Examples of pharmaceutically acceptable carriers include one or
more of water, saline, phosphate buffered saline, dextrose,
glycerol, ethanol and the like, as well as combinations thereof. In
many cases, it will be preferable to include isotonic agents, for
example, sugars, polyalcohols such as mannitol, sorbitol, or sodium
chloride in the composition. Pharmaceutically acceptable carriers
may further comprise minor amounts of auxiliary substances such as
wetting or emulsifying agents, preservatives or buffers, which
enhance the shelf life or effectiveness of the antibody.
[0099] In a further embodiment, the pharmaceutical composition
comprises at least one additional therapeutic agent for treating a
spinal cord injury or treating pain, including, but not limited to,
neuropathic pain arising from spinal cord injury.
[0100] Various delivery systems are known and can be used to
administer one or more antibodies described herein or the
combination of one or more antibodies described herein e.g.,
encapsulation in liposomes, microparticles, microcapsules,
recombinant cells capable of expressing the antibody or antibody
fragment, receptor-mediated endocytosis (see, e.g., Wu and Wu, J.

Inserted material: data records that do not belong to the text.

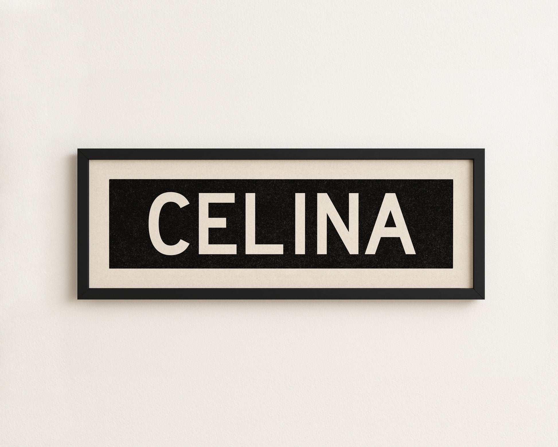 Framed "CELINA" vintage bus/train scroll sign art. Show off your love for Celina with this classic and simple framed scroll sign. Perfect for above the door, in an office, game room or accent in a living area.
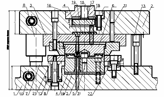 Комбинированный штамп совмещенного действия для первой операции представлен на рис.3.1.
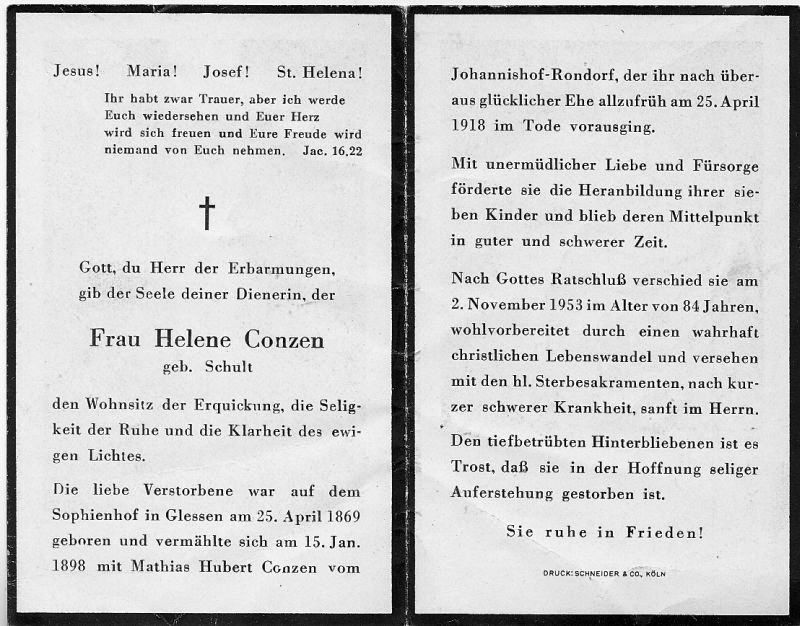 ∞ 15.1.1898 Mathias Hubert Conzen vom Johannishof in Rondorf, † 25.4.1918; 7 K. |
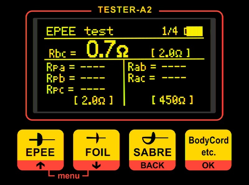 • Einfacher Gebrauch für schnelle Kontrollen: automatischer Vergleich der gemessenen Werte mit den Werten laut FIE-Reglement oder den vom Benutzer eingegebenen Werten. Das positive oder negative Prüfergebnis wird durch LED mit grünem oder rotem Licht und ein Tonsignal angezeigt.
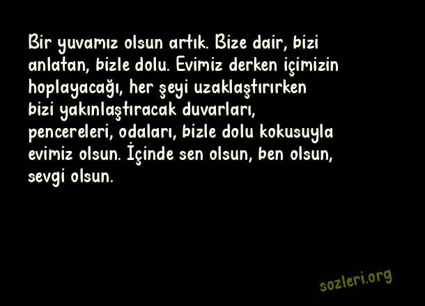Bir yuvamız olsun artık. Bize dair, bizi anlatan, bizle dolu. Evimiz derken içimizin hoplayacağı, her şeyi uzaklaştırırken bizi yakınlaştıracak duvarları, pencereleri, odaları, bizle dolu kokusuyla evimiz olsun. İçinde sen olsun, ben olsun, sevgi olsun. ( Evlilik Teklifi )
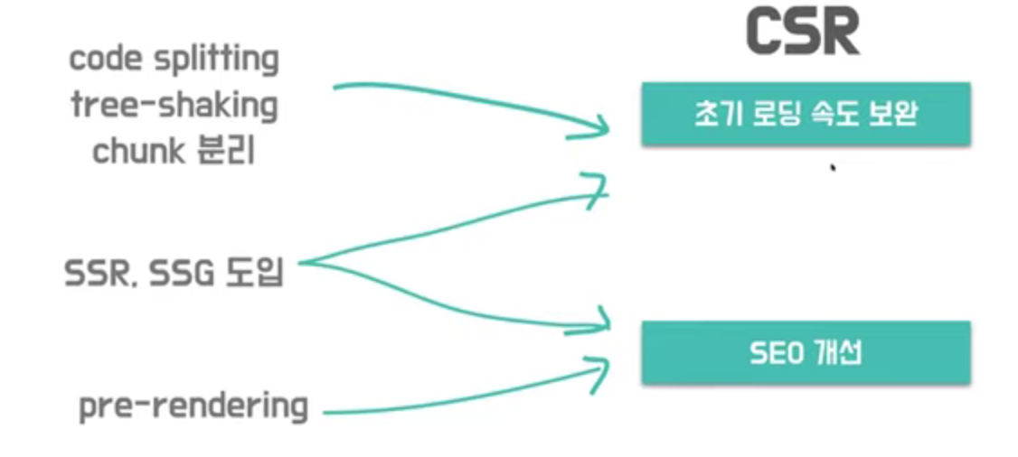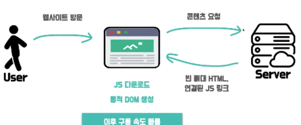 - JavaScript 파일을 번들링 해서 한 번에 받기 때문에 초기 구동 속도가 느리다. 맨 처음 url 요청에 웹문서가 가지고 있는 모든 정보, 링크페이지까지도 한 번에 다 받아온다. (Webpack의 code splitting, Chunking으로 해결 가능) - 브라우저가 js파일을 다운로드하고 동적으로 dom을 생성하는 시간을 기다려야 하기 때문에 (js파일 다운로드로 초기 진입속도가 느릴 수 있다.)
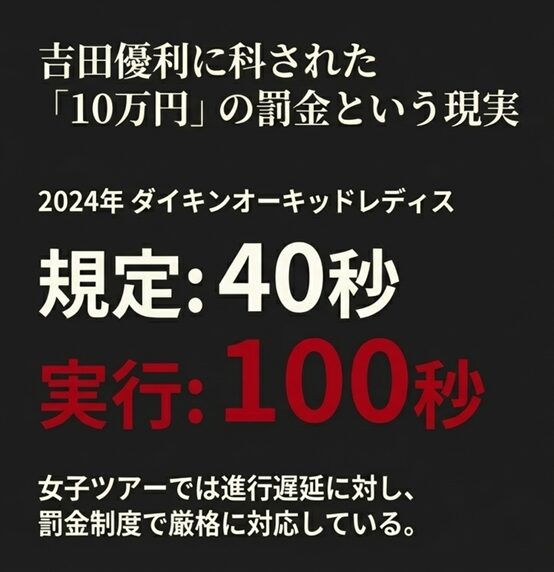 記憶に新しいところでは、2024年のダイキンオーキッドレディスにおいて、吉田優利選手に対してスロープレーによる罰金10万円が科されました。
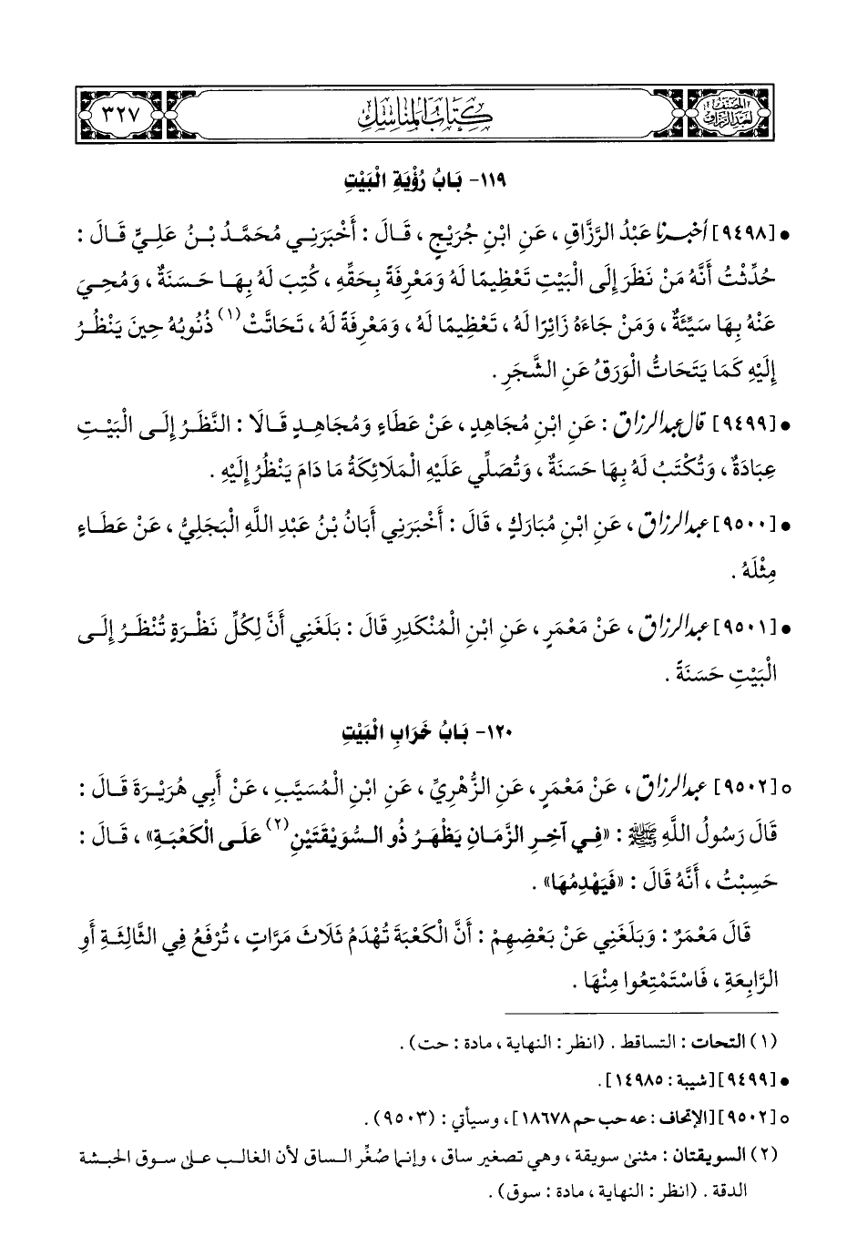 ° [٩٥٠٢] عبد الرزاق، عَنْ مَعْمَرٍ، عَنِ الزُّهْرِيِّ، عَنِ ابْنِ الْمُسَيَّبِ، عَنْ أَبِي هُرَيْرَةَ قَالَ: قَالَ رَسُولُ اللهِ - صلى الله عليه وسلم -: "فِي آخِرِ الزَّمَانِ يَظْهَرُ ذُو السُّوَيْقَتَيْنِ (¬٢) عَلَى الْكَعْبَةِ"، قَالَ: حَسِبْتُ، أَنَّهُ قَالَ: "فَيَهْدِمُهَا".
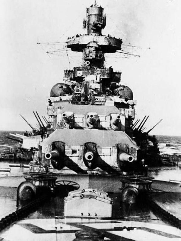 Часть основного вооружения немецкого линейного крейсера «Шарнхорст». Ему было приказано атаковать британский конвой JW55B, но военно-морская разведка и продуманная тактика позволили британцам развернуть корабли, чья общая огневая мощь потопила линейный крейсер 26 декабря 1943 года.
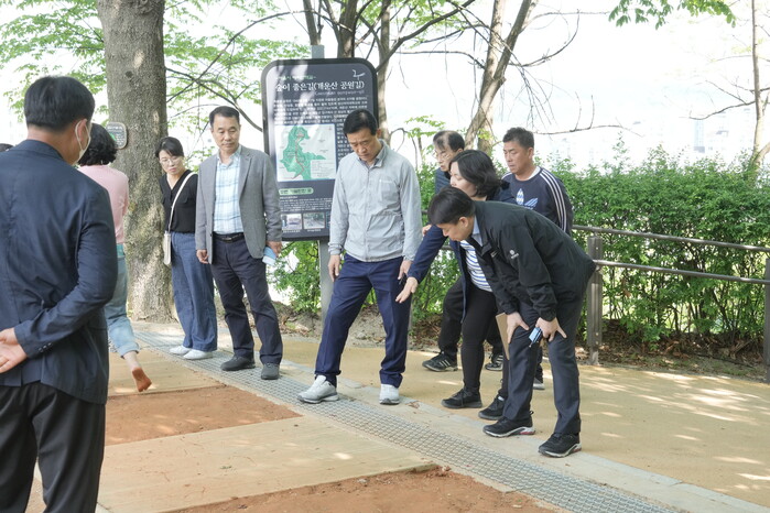특히 이 구청장은 오동근린공원 황톳길에 깨끗하고 효율적인 유지관리를 위해 건식 황톳길을 조성하되 쿠션감과 촉촉함을 느낄 수 있도록 황토 비율 등 원재료 혼합에 각별하게 신경 쓰기를 당부했다.
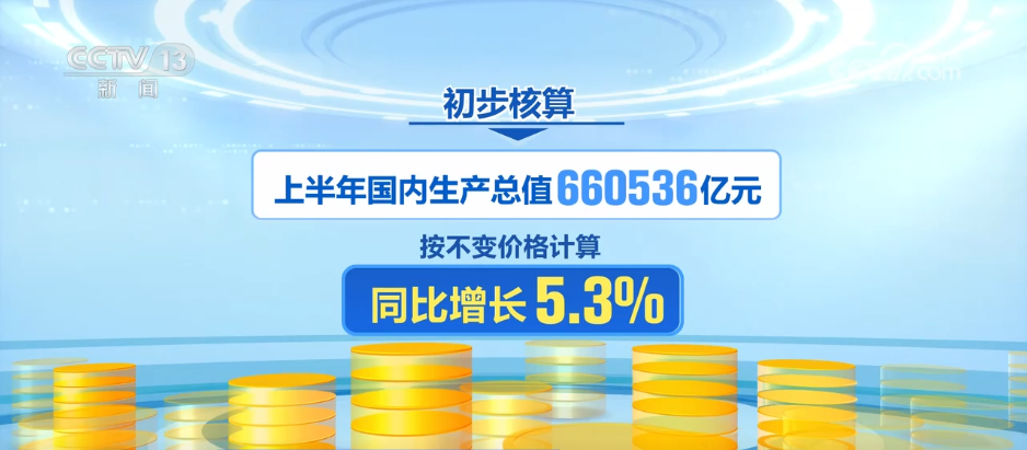 初步核算,上半年,国内生产总值660536亿元,按不变价格计算,同比增长5.3%。分产业看,第一产业增加值同比增长3.7%;第二产业增加值同比增长5.3%;第三产业增加值同比增长5.5%。分季度看,一季度国内生产总值同比增长5.4%,二季度增长5.2%。

Biol. Chem. 262:4429-4432 (1987)), construction of a nucleic acid
as part of a retroviral or other vector, etc. Methods of
administering a prophylactic or therapeutic agent include, but are
not limited to, parenteral administration (e.g., intradermal,
intramuscular, intraperitoneal, intravenous, intrathecal and
subcutaneous), epidural administration, intra tumoral
administration, and mucosal administration (eg., intranasal and
oral routes). In addition, pulmonary administration can be
employed, e.g., by use of an inhaler or nebulizer, and formulation
with an aerosolizing agent, See, e.g., U.S. Pat. Nos. 6,019,968;
5,985,320; 5,985,309; 5,934,272; 5,874,064; 5,855,913; 5,290,540;
and 4,880,078; and PCT Publication Nos. WO 92/19244; WO97/32572;
WO97/44013; WO98/31346; and WO99/66903, each of which is
incorporated herein by reference in their entireties. In one
embodiment, an antibody described herein, combination therapy, or a
composition described herein is administered using Alkermes
AIR.RTM. pulmonary drug delivery technology (Alkermes, Inc.,
Cambridge, Mass.). In a specific embodiment, prophylactic or
therapeutic agents of the antibodies described herein are
administered intramuscularly, intravenously, intratumorally,
orally, intranasally, pulmonary, or subcutaneously. The
prophylactic or therapeutic agents may be administered by any
convenient route, for example by infusion or bolus injection, by
absorption through epithelial or mucocutaneous linings (e.g., oral
mucosa, rectal and intestinal mucosa, etc.) and may be administered
together with other biologically active agents. Administration can
be systemic or local.
[0101] In a specific embodiment, it may be desirable to administer
the antibodies described herein locally to the area in need of
treatment; this may be achieved by, for example, and not by way of
limitation, local infusion, by injection, or by means of an
implant, said implant being of a porous or non-porous material,
including membranes and matrices, such as sialastic membranes,
polymers, fibrous matrices (e.g., Tissuel.RTM.), or collagen
matrices. In one embodiment, an effective amount of one or more
antibodies described herein is administered locally to the affected
area to a subject to prevent, treat, manage, and/or ameliorate a
disorder or a symptom thereof. In another embodiment, an effective
amount of one or more antibodies described herein is administered
locally to the affected area in combination with an effective
amount of one or more therapies (e.g., one or more prophylactic or
therapeutic agents) other than an antibody described herein to a
subject to prevent, treat, manage, and/or ameliorate a disorder or
one or more symptoms thereof.
[0102] In certain embodiments, intrathecal administration may be
ruled out as a treatment option (e,g., during early stages of
injury if edema impedes CSF flow).
[0103] A pharmaceutical composition is formulated to be compatible
with its intended route of administration. Examples of routes of
administration include, but are not limited to, parenteral, e.g.,
intravenous, intrathecal, intradermal, subcutaneous, oral,
intranasal (e,g., inhalation), transdermal (e,g., topical),
transmucosal, and rectal administration. In a specific embodiment,
the composition is formulated in accordance with routine procedures
as a pharmaceutical composition adapted for intravenous,
subcutaneous, intramuscular, oral, intranasal, or topical
administration to human beings. Typically, compositions for
intravenous administration are solutions in sterile isotonic
aqueous buffer. Where necessary, the composition may also include a
solubilizing agent and a local anesthetic such as lignocaine to
ease pain at the site of the injection.
[0104] The method described herein may comprise administration of a
composition formulated for parenteral administration by injection
(e.g., by bolus injection or continuous infusion). Formulations for
injection may be presented in unit dosage form (e.g., in ampoules
or in multi-dose containers) with an added preservative. The
compositions may take such forms as suspensions, solutions or
emulsions in oily or aqueous vehicles, and may contain formulatory
agents such as suspending, stabilizing and/or dispersing agents.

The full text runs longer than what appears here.